Не желал существовать без Запада этот еще совсем юный город. Жаждал оправдать свое предназначение — окна в Европу. И жизнь в нем, на четырех ветрах, была непростой и нелегкой.
В Петербурге, где проживало пока всего несколько десятков тысяч, люди чиновные и близкие ко двору были неизбежно связаны меж собой. Даже если ненавидели друг друга. Они вынужденно вращались в одном кругу, встречались друг с другом, существовали едиными интересами, питались одними слухами. Ничто не оставалось тайной — ни жизнь личная, ни дела профессиональные.
Слухи, бродившие по городу, определяют взаимоотношения людей, их поступки, вкусы. Они барометр общественной жизни. Если не хочешь оказаться лишним, ненужным, а жаждешь получать заказы и пользоваться расположением знатных особ, то внимай тому, что говорят, обдумывай, учись.

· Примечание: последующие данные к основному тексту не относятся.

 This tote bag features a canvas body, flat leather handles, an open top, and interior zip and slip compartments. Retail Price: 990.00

В тридцать с лишним лет человек обязан иметь свои твердые представления о морали, этике, чести. Они были у Франческо Растрелли. Воспитанный в годы царствования Людовика XIV, он веровал, что самодержавие — единственная форма правления. А вот понятия «свобода», «равенство» были ему незнакомы. И это тоже естественно. Еще только собирался в странствие по Европе молодой Жан-Жак Руссо. Еще не родились будущий «отец народа» Мирабо и первый русский певец свободы Радищев. Зато Растрелли сознавал, что собственное достоинство, сословную честь необходимо защищать. Но даже этого еще не знали в России.

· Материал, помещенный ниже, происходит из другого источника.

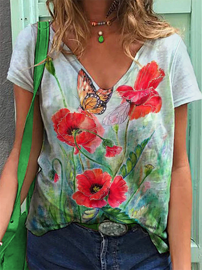 Baby Ruffle Trim Bow Front Top & Floral Print Layered Skirt
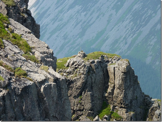 The little Cairn found on the summit of Low Man, & I guess where the Rock Climbers are heading for. |
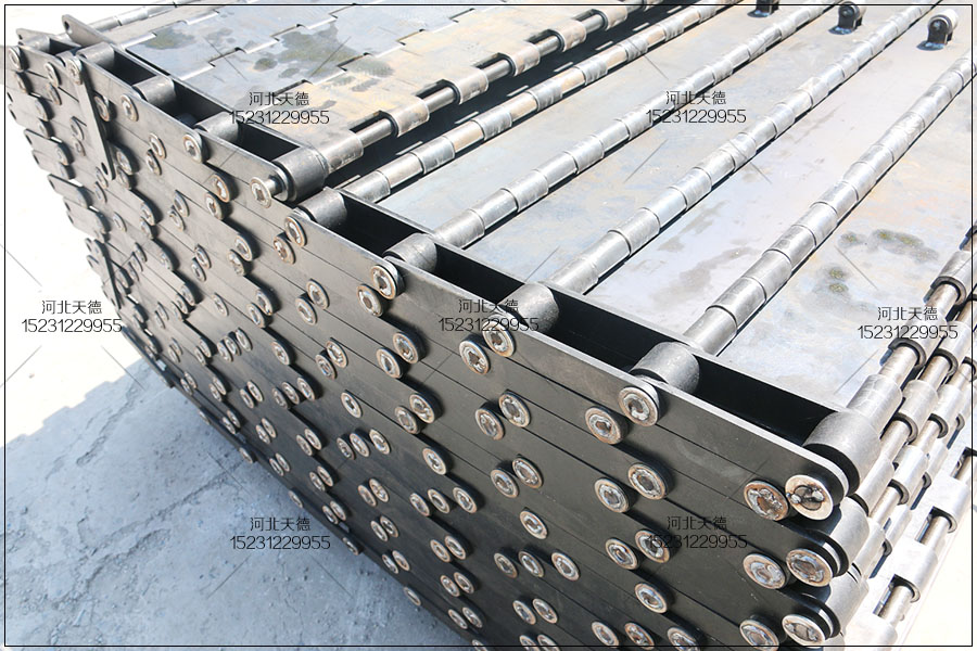 這個是張家口的客戶定制的,用來傳送金屬廢料使用,安裝在大型的重型設(shè)備中,需要加厚板加工,承載為載重鏈板輸送帶。
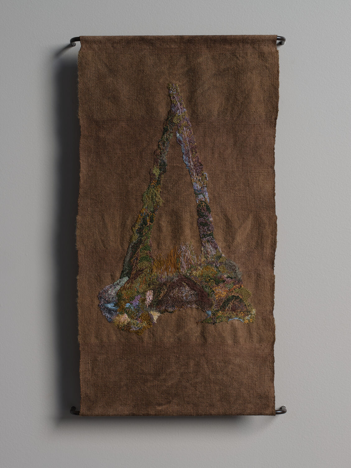 This new series of works continues Young’s expression of adoration of the whenua, māra and ngāhere through layered embroideries.

С молчаливым недоумением наблюдал он, как дворянина публично били палкой, а тот подобострастно благодарил матушку-государыню за науку; как наследника знатного рода объявляли шутом и он, сдерживая слезы, на потеху всем кудахтал, сидя голым задом в лукошке с яйцами; как заслуженный боевой офицер чистил лошадей всесильного фаворита, лишь бы обратить на себя его милостивое внимание. Все вокруг было непонятно, дико, страшно.
Окружающая действительность в сцеплении разнообразных событий и явлений невольно воспитывала и обучала молодого зодчего, помогая познать и профессиональные секреты, и не менее важные секреты придворной жизни. Первое, что он усвоил, — молча и честно исполнять свое дело.

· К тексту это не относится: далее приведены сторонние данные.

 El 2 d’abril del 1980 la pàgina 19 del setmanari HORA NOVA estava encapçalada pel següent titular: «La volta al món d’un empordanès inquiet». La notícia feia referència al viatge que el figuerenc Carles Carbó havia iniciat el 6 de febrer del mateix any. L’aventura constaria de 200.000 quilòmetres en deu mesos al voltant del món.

Не случайно Франческо Бартоломео Растрелли пережил стольких правителей и временщиков, оставаясь всегда на виду. Счастливый случай, объяснимый только феноменальной работоспособностью и талантом зодчего. Талантом, который оказался необходим семи императрицам и императорам России.
Стиль эпохи есть отражение характера и лика времени. Десятилетие Анны Иоанновны было беспокойное, характер неустоявшийся, лик переменчивый. И отразить его представлялось затруднительным. В делах строительных требовались только быстрота исполнения, великолепие и внушительность. Потому и возводили дворцы с поспешанием из деревянных брусьев и приспосабливая, переделывая старые петровские каменные строения. Для создания нового стиля время еще не приспело.
Когда осенью 1734 года всесильный Бирон предложил Франческо Растрелли построить дворец в Курляндии, он охотно и даже радостно согласился. Наконец появилась настоящая возможность проявить себя.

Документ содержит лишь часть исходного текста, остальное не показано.